In the entries below, begin at the line that has "Eskişehir’de yaşayan insanların" and stop after the line that has "Plaza de Armas in Lima"; output those lines exactly, leaving out pictures.
• • •
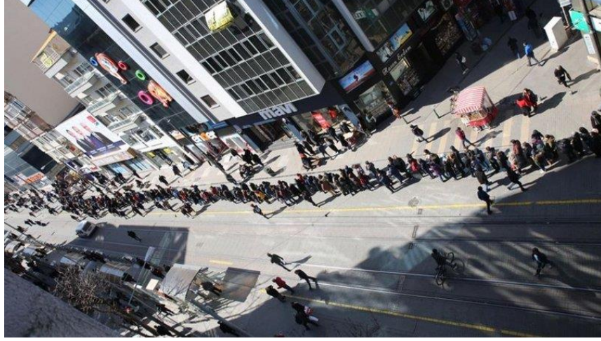
Görsel 3. Eskişehir’deki Senfoni Orkestrası Kuyruğu ( http-8 )

Eskişehir’de yaşayan insanların sanatsal etkinliklere verdikleri önem, görüşmeciler tarafından da gözlemlenmiştir:
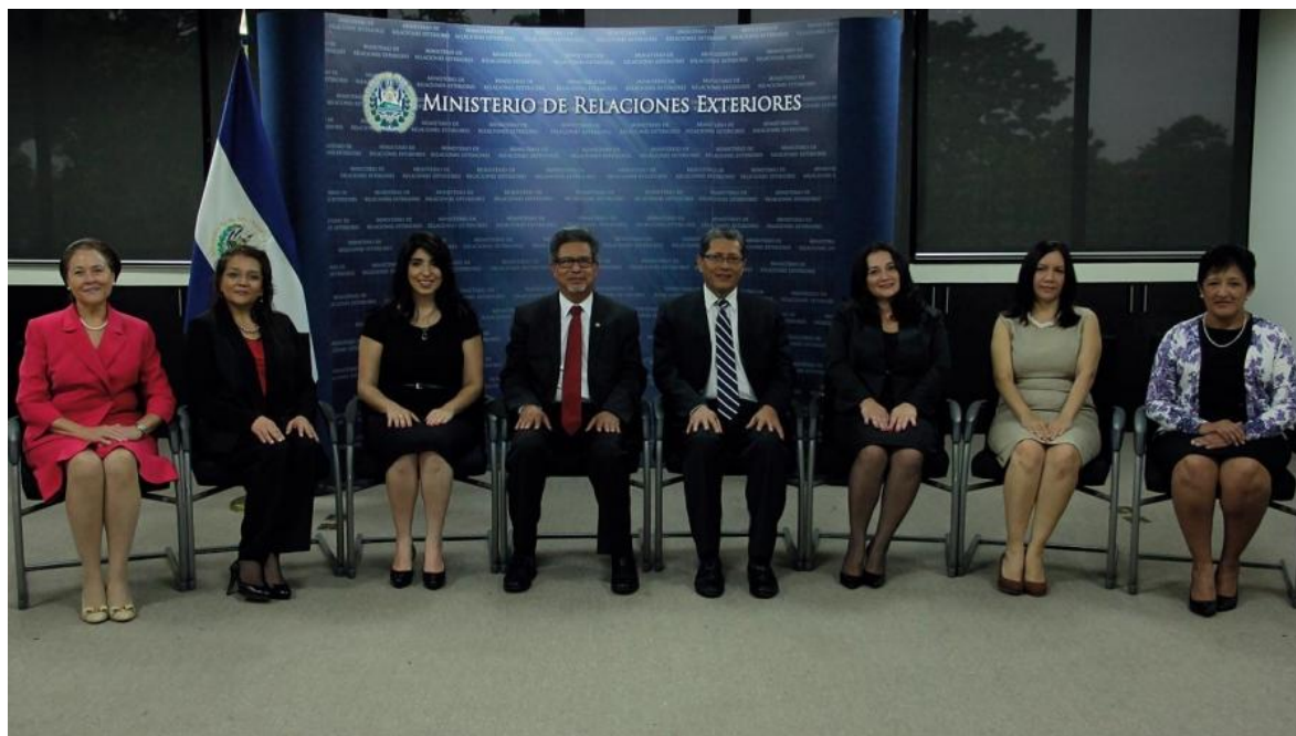
Imagen de Graduados de Maestría en Diplomacia, 24 de junio de 2016
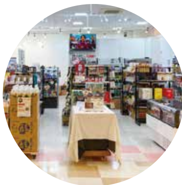
ブルメール HAT神戸店
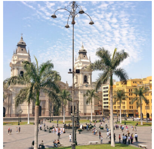
Plaza de Armas in Lima

Als wirtschaftliches und kulturelles Zentrum Perus begeistert die Metropole am Pazifik mit zahlreichen Sehenswürdigkeiten, die sich Ihnen bei Ihrer heutigen Sightseeing-Tour im schönsten Licht präsentieren. Schlendern Sie zwischen Plaza Mayor und Plaza San Martín durch das historische Zentrum der Stadt, das zum UNESCO-Weltkulturerbe zählt, und lassen Sie sich von der faszinierenden Architektur bezaubern. Zwischen Villen und dem prächtigen Stadtpalast erwartet Sie das pittoreske Kloster Santo Domingo, das mit seiner schönen Architektur, zahlreichen Mosaiken und einem idyllischen Garten begeistert. Anschließend erwartet Sie mit der Universität San Marcos die älteste Universität Südamerikas. Streifen Sie durch das historische Künstlerviertel Barranco, das mit einem einzigartigen Charme verzaubert, ehe Sie auf der hölzernen Puente de los Suspiros mit einem beeindruckenden Blick über das bunte Treiben belohnt werden. (F)
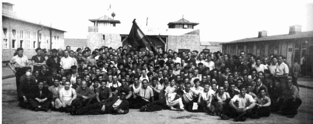
Espanyols que van sobreviure amb el cartell de benvinguda als aliats, Foto de Francesc Boix extreta del llibre Francesc Boix, el fotògraf de Mauthausen , ed. La Magrana. Barcelona. 2002
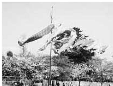
▲大門自然プチテラス(西保木門2-12)5月初旬は、シャクヤクが咲きます

平成13年度各会計予算は、3月の第1回定例会で、原案どおり可決されました。《予算課》
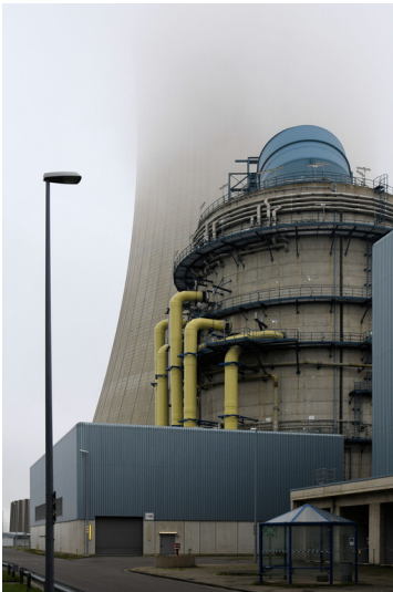
Kraftwerk Neurath (Neuanlage): Absorber Block G, Ansicht von Nordwesten; Foto: 23.10.2023
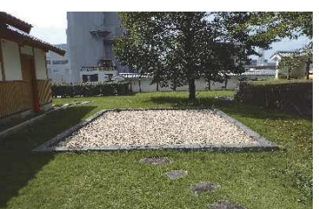
煙硝蔵（稲荷曲輪・数寄屋曲輪地区）
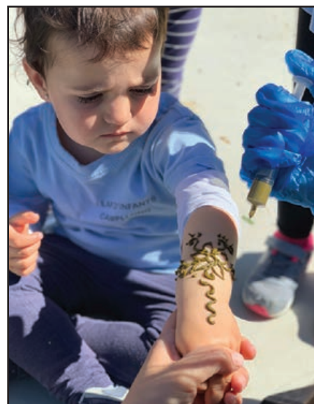
Marroc: Taller de henna.
• • •
§ **Task solution**:
Eskişehir’de yaşayan insanların sanatsal etkinliklere verdikleri önem, görüşmeciler tarafından da gözlemlenmiştir:
Imagen de Graduados de Maestría en Diplomacia, 24 de junio de 2016
ブルメール HAT神戸店
Plaza de Armas in Lima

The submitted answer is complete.